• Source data

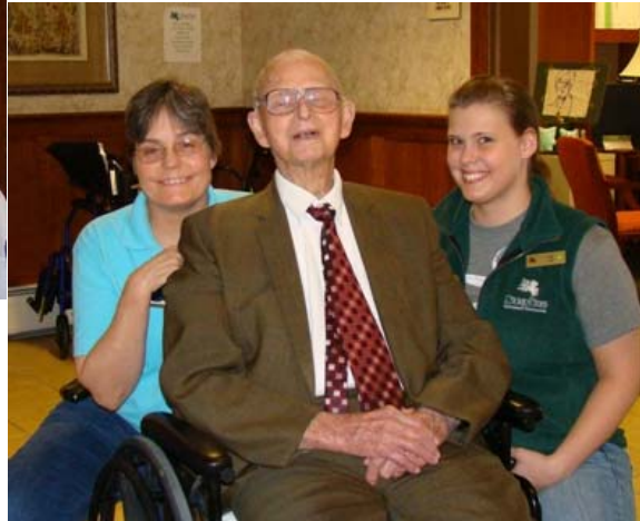
Ham Scholarship Recipients
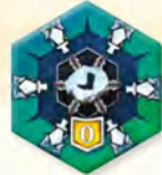
Harbingers of the Forest Banner
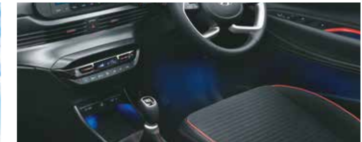
Sporty black interiors with red inserts

Other features: Front & rear adjustable headrests | Leather* wrapped gear knob | Sliding front armrest (Best in segment) Leather* wrapped steering wheel | Sleek dashboard | Metal finish inside door handles
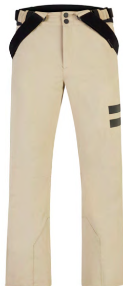
MOSAICO / BLK / BLK 4FBB

• What is being asked
In transcribing the lines above, omit the images and keep all else exact.

• Response to the task
Ham Scholarship Recipients
Harbingers of the Forest Banner
Sporty black interiors with red inserts

Other features: Front & rear adjustable headrests | Leather* wrapped gear knob | Sliding front armrest (Best in segment) Leather* wrapped steering wheel | Sleek dashboard | Metal finish inside door handles
MOSAICO / BLK / BLK 4FBB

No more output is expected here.